• THE PROBLEM
In this exercise, print only the lines of the records below from the one with "Bon de Commande" through the one with "イオンモール伊達では、伊達市", inclusive. Pictures are not part of the copy.

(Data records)
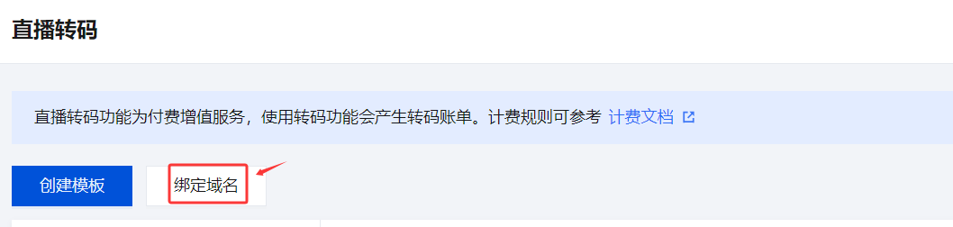 新转码模板创建成功后关联域名:设置转码模板 成功后,单击提醒框中的去绑定域名。
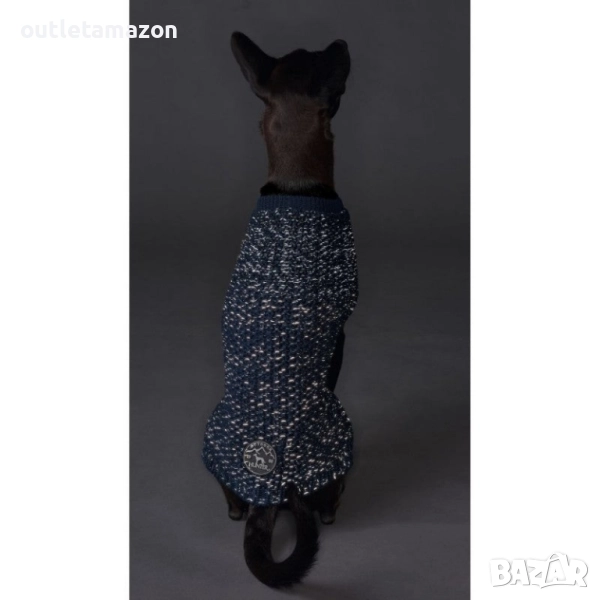 Стилен пуловер за кучета в тъмносин цвят с изчистен дизайн и перфектна кройка. Изработен от акрил със светлоотразителна прежда за допълнителна видимост. Може да се пере на 30°C , размер 55 см, измерени от врата до основата на опашката.
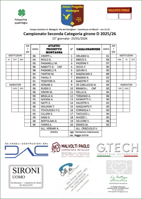 ATLETIC PROGETTO MONTAGNA-CASALGRANDESE: 2-1
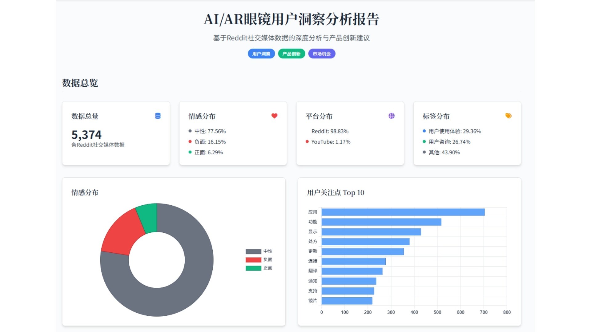 聚焦用户接触产品后的直观感受,重点收集 “视觉、佩戴、音质” 等感官层面的反馈,比如 “白色款颜值高但易脏”“耳罩软,戴半小时不压耳”等具象评价,快速掌握用户对产品表层体验的真实感受。
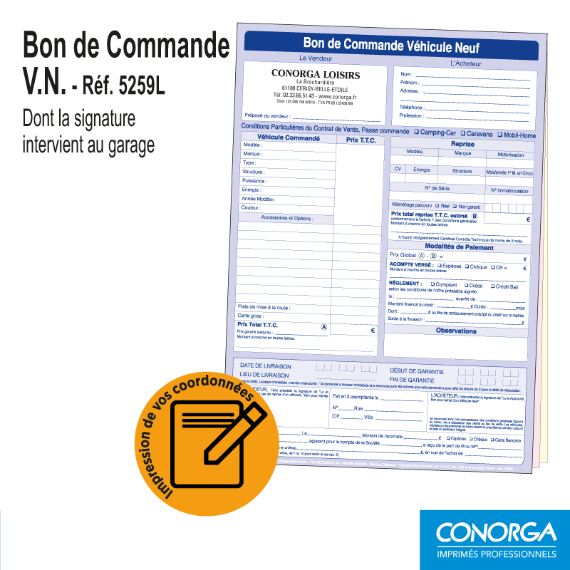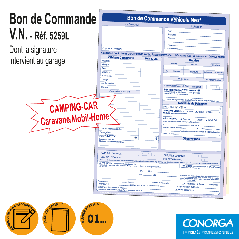 Bon de Commande V.N. Spécial Camping-Car, Caravane, Mobil-Home dont la signature intervient au garage.
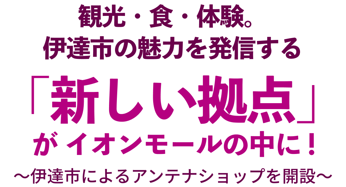 イオンモール伊達では、伊達市をはじめ近隣市町村と連携し、地域資産や魅力を再発見し、地域と連携し文化や資源を磨き発信する場、そして多世代で楽しめる憩いの場を、地域の皆さまと共創してまいります。
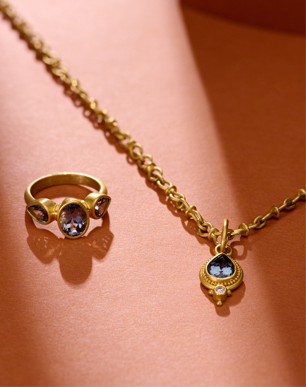 Denise’s gems are not only conflict-free but of impeccable quality and character. She works with a distinct 22K gold handcrafted in her Santa Fe studio. These elements work together in easy harmony: the stones catch the eye, while the gold holds its attention. Paired with her seamless designs and keen sense for color, Denise harnesses the rare qualities of a prized heirloom: trendless, timeless, and like no other.
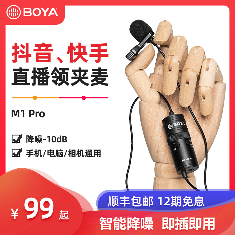 BOYA boya collar clip microphone vlog mobile phone single eye camera live eats M1 PRO small honeybee microphone capacitive thoracic and mural sound-noise coverage microphone professional recording device
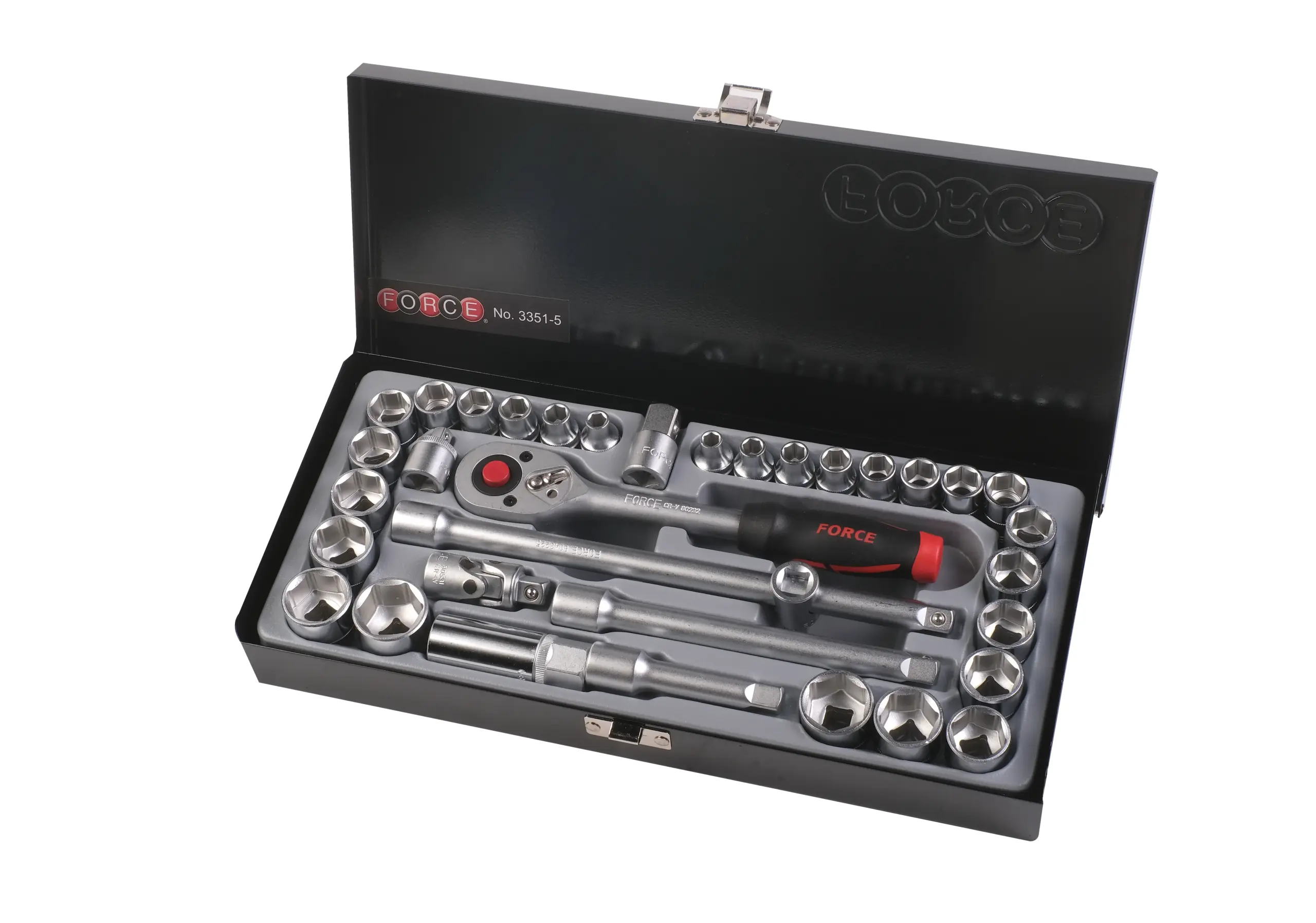 Juego de Dados Hexagonales Métricos y Pulgadas de 35 piezas, 15 dados métricos en rango de medidas desde 6 a 21 mm. y 11 dados en pulgadas rango de medidas desde 1/4″ – 7/8″. Ideal para ser usado en taller mecánico, trabajos de mantención tanto en casa como en la Industria, Set de 35 piezas con todos los accesorios para un buen trabajo. Tipo : Juego de Dados Métrico-Pulgada Hexagonal Set de 35 Piezas Material de construcción de cromo-vanadio Excelente calidad y durabilidad Marca Force Modelo : 3351-5 Procedencia : Taiwán El kit incluye: 15 Dados Métricos Hexagonales Nº: 6 – 7 – 8 – 9 – 10 – 11 – 12 – 13 – 14 – 15 – 16 – 17 – 18 – 19 – 21 mm. 11 Dados SAE (Pulgada) Hexagonales Nº: 1/4″ – 5/16″ – 3/8″ – 7/16″ – 1/2″ – 9/16″ – 5/8″ – 11/16″ – 3/4″ – 13/16″ – 7/8″. 1 Chicharra de 3/8″ – 24 Dientes – Longitud 200 mm. 3 Extensiones de 3″, 6″ y 9″ (75 mm., 152 mm. y 228 mm.) 1 Adaptador para extensión de 3/8″ H – 3/8″ M 1 Adaptador de 3/8″ H – 1/4″ M 1 Adaptador de 3/8″ H – 1/2″ M 1 Barrote Corredizo tipo «T» 1 dado de Bujías en 16 mm. 1 Toma Cardanica 3/8″ en largo de 46 mm. Maleta de Transporte Metalica Dimensiones: 330 x 165 x 55 mm. Peso : 3.2 Kilos Especificaciones Técnicas Material : Cromo-Vanadio Tipos de dados : Hexagonales Cuadrante : 3/8 ? in Rango de medida : 6 a 21 mm. Número de piezas : 35 Contenido del kit : Dados, Chicharra, Extensiones, Barrote, Maleta Metálica Mango Ratchet : 0 Barra de extensión : Sí Barra en T : Sí Mango giratorio : Sí Unión universal : 0 Extensión flexible : No Acoplador : Sí
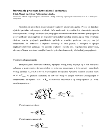 Sterowanie procesem krystalizacji sacharozy dr inż. Marek Ludwicki, Politechnika Łódzka. Streszczenie referatu wygłoszonego na seminarium “Postęp techniczny w przemyśle cukrowniczym”w d. 24-25 maja w Zakopanem. Krystalizacja jest jednym z najważniejszych etapów uzyskiwania cukru. Proces ten decyduje o jakości produktu końcowego – wielkości i równomierności kryształów, ich zabarwieniu, stopniu zanieczyszczenia. Dlatego niezbędne jest precyzyjne sterowanie warnikami zarówno pracującymi w sposób cykliczny jak i ciągłymi. Do tego sterowania należy uzyskać informacje nie tylko o wartości ciśnienia oparów grzejnych, podciśnienia (próżni) w warniku, poziomie cukrzycy czy jej temperaturze, ale zwłaszcza o stężeniu sacharozy w soku gęstym, a następnie w syropie międzykryształowym cukrzycy. Te ostatnie wielkości określa tzw. współczynnik przesycenia, mierzony różnymi metodami mniej lub bardziej pośrednimi oraz mniej lub bardziej precyzyjnymi. Współczynnik przesycenia Stan przesycenia roztworu sacharozy występuje wtedy, kiedy znajduje się w nim nadwyżka sacharozy w porównaniu z jej zawartością w roztworze nasyconym w tych samych warunkach. Według definicji ICUMSA z 1954 r. współczynnik przesycenia Wpjest to stosunek stężenia cukru ž Ck / W Ÿprzes w gramach sacharozy na 100 cm3 wody w danym roztworze przesyconym w temperaturze t do stężenia ž Ck / W Ÿnas w roztworze nasyconym o tej samej czystości Cz i w tej samej temperaturze t: Wp= ž Ÿ žŸ žCkW Ÿ Ck W przes nas = ž Ÿ H przes H nas (1) Cz, t=idem cz, t=idem W roztworach czystych: Wp= žHr Ÿ (2) t=idem W roztworach nieczystych: Wp= žHR Ÿ Cz, t=idem (3) gdzie: r – rozpuszczalność sacharozy w czystym roztworze R – rozpuszczalność sacharozy w nieczystym roztworze H – stosunek masowy ilości cukru Ck do ilości wody W w roztworze nasyconym W 1962 roku ICUMSA zaleciła, aby za pomocą wzoru (1) definiować Wp nie przy jednakowych czystościach lecz przy jednakowym stężeniu niecukrów Nc/ W . Nowa definicja jest uzasadniona teoretycznie, ponieważ w toku krystalizacji czystość maleje, a stosunek Nc/ W pozostaje stały. Dopóki jednak dostępne w literaturze tablice rozpuszczalności sacharozy wyrażają R jako funkcję Cz i t, nowa definicja jest mało praktyczna. Metody pomiaru przesycenia w warniku Metody subiektywne Ta grupa metod jest zależna od gotowacza obsługującego warnik. Może on np. obserwować pęcherze pary i bryzgi soku na szkłach wziernych warnika. Ręczna próba „na nitkę” służy do oceny lepkości i konsystencji próbki zawartości warnika. Gotowacz sam decyduje o momencie zaszczepienia waru i tylko od jego doświadczenia i umiejętności zależy efekt końcowy krystalizacji. Metody subiektywne są mało precyzyjne ale w przypadku doświadczonych gotowaczy mogą wystarczyć do poprawnego ugotowania waru. Nie nadają się do wykorzystania w nowoczesnych, zautomatyzowanych produktowniach. Ebuliometria Ebuliometria wykorzystuje określanie podwyższenia temperatury wrzenia zawartości warnika, spowodowane wzrostem stężenia sacharozy (prawo Raoulta). Zwykle mierzy się temperaturę cukrzycy w porównaniu z temperaturą wrzenia czystej wody pod tym samym ciśnieniem. Jest to dokładna metoda określania stężenia sacharozy w syropie międzykryształowym pod warunkiem uwzględnienia wpływu na temperaturę wrzenia ciśnienia hydrostatycznego słupa cieczy. Przy skomplikowanej realizacji nie pozwala na określenie ilości kryształów. Refraktometria Jest to pomiar zawartości suchej substancji przy użyciu specjalnego, wstawianego do komory warnika refraktometru. Dużą dokładność osiąga się zwłaszcza do momentu powstawania kryształów. Nie pozwala na określanie ilości kryształów i z tego względu najbardziej nadaje się do kontrolowania początkowego etapu gotowania waru. Pryzmat refraktometru jest podatny na zarastanie osadami i kryształami; zwykle jest więc wyposażony w układy czyszczące. Wiskozymetria (reometria) Lepkość roztworów sacharozy zależy od ich stężenia i temperatury. W zawiesinach kryształów (w cukrzycy, przy końcu procesu jej gotowania) pomiar właściwości reologicznych pozwala na określanie nie tylko stężenia cukru ale i ilości kryształów. Metoda jest bardziej przydatna przy dużej zawartości kryształów i znacznej lepkości (w końcowym etapie gotowania waru). Często na początku gotowania waru stosuje się więc dodatkowy pomiar refraktometryczny. Pomiary lepkości są najczęściej dokonywane skomplikowanymi mechanicznie wiskozymetrami rotacyjnymi, mierzącymi moment obrotowy napędzanego walca zanurzonego w cukrzycy (Rys. 1) lub ultradźwiękowymi, mierzącymi dekrement tłumienia drgań metalowej płytki pobudzanej cyklicznie z częstotliwością ok. 30 kHz za pomocą piezoelektryku. Znane jest też rozwiązanie mierzące prędkość ruchu umieszczonej w cukrzycy specjalnej płetwy napędzanej elektromagnetycznie. Rys. 1. Rotacyjny reometr przemysłowy (PIAP) Radiometria Jest to bardzo dokładna metoda pomiaru gęstości zawartości warnika, skorelowanej ze stężeniem sacharozy (stężeniem suchej substancji) i przesyceniem. Polega na określeniu stopnia absorpcji promieniowania γ prze warstwę cukrzycy o stałej grubości. Wadą metody jest jej wysoka cena i konieczność stosowania izotopu promieniotwórczego (ochrony radiologicznej). Przykładem radiometrycznego określania przesycenia w warniku jest metoda Bertholda. Konduktometria Wartość konduktywności czyli przewodności elektrycznej właściwej zawartości warnika jest zależna od temperatury, pH, składu niecukrów i ich stężenia. Przyjmując, że skład chemiczny niecukrów w soku gęstym nie ulega gwałtownym zmianom, a zmiany temperatury są powtarzalne i możliwe do kompensowania, można określić zależność konduktywności od stopnia zagęszczenia soku gęstego lub cukrzycy i tym samym jej korelację z przesyc
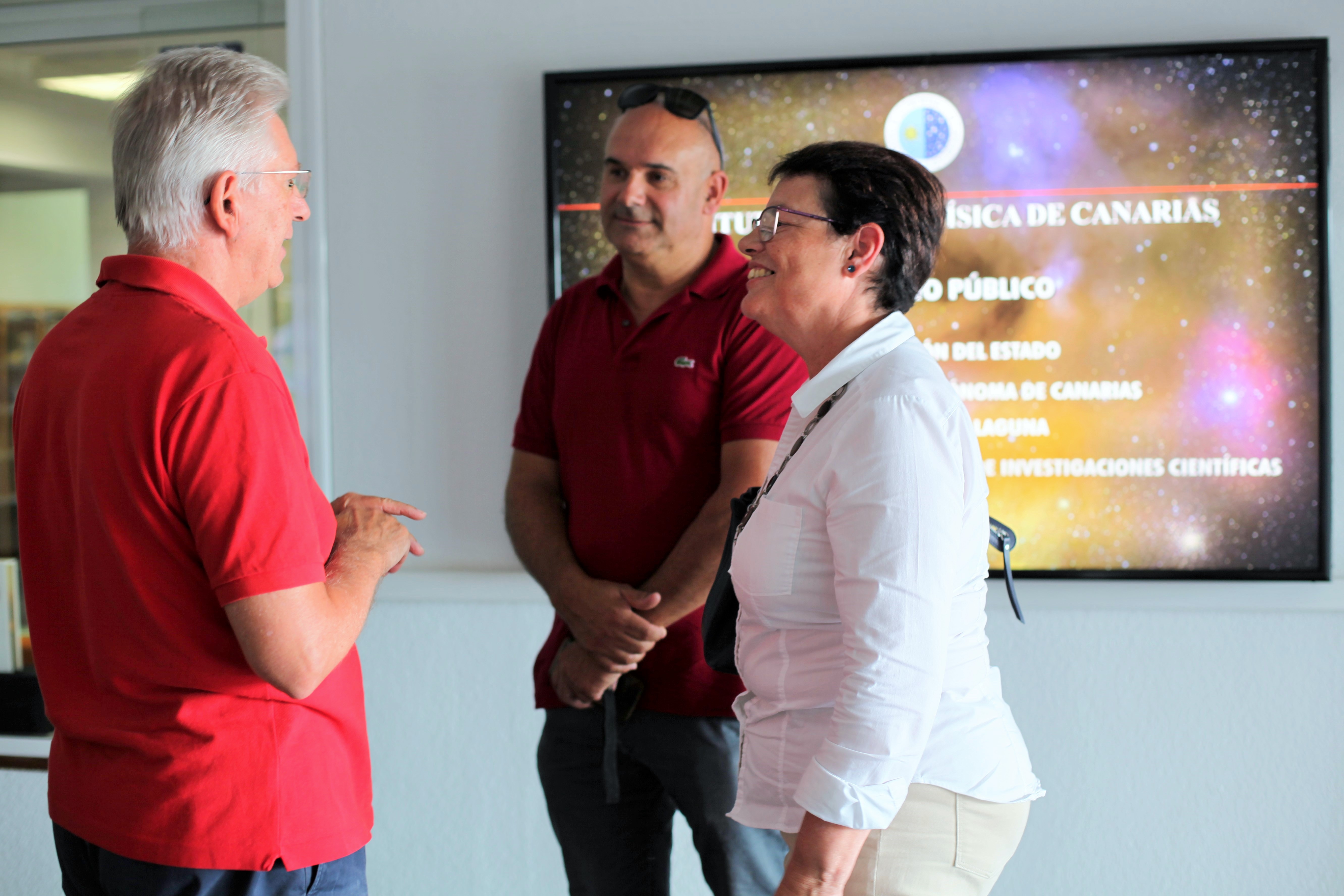 Ana Rosa Mena, alcaldesa de Tegueste, con Campbell Warden, secretario ejecutivo del IAC en el vestíbulo de la sede central del IAC en La Laguna. Crédito: Alejandra Rueda (IAC)

• ANSWER TO THIS EXERCISE
 Bon de Commande V.N. Spécial Camping-Car, Caravane, Mobil-Home dont la signature intervient au garage.
 イオンモール伊達では、伊達市をはじめ近隣市町村と連携し、地域資産や魅力を再発見し、地域と連携し文化や資源を磨き発信する場、そして多世代で楽しめる憩いの場を、地域の皆さまと共創してまいります。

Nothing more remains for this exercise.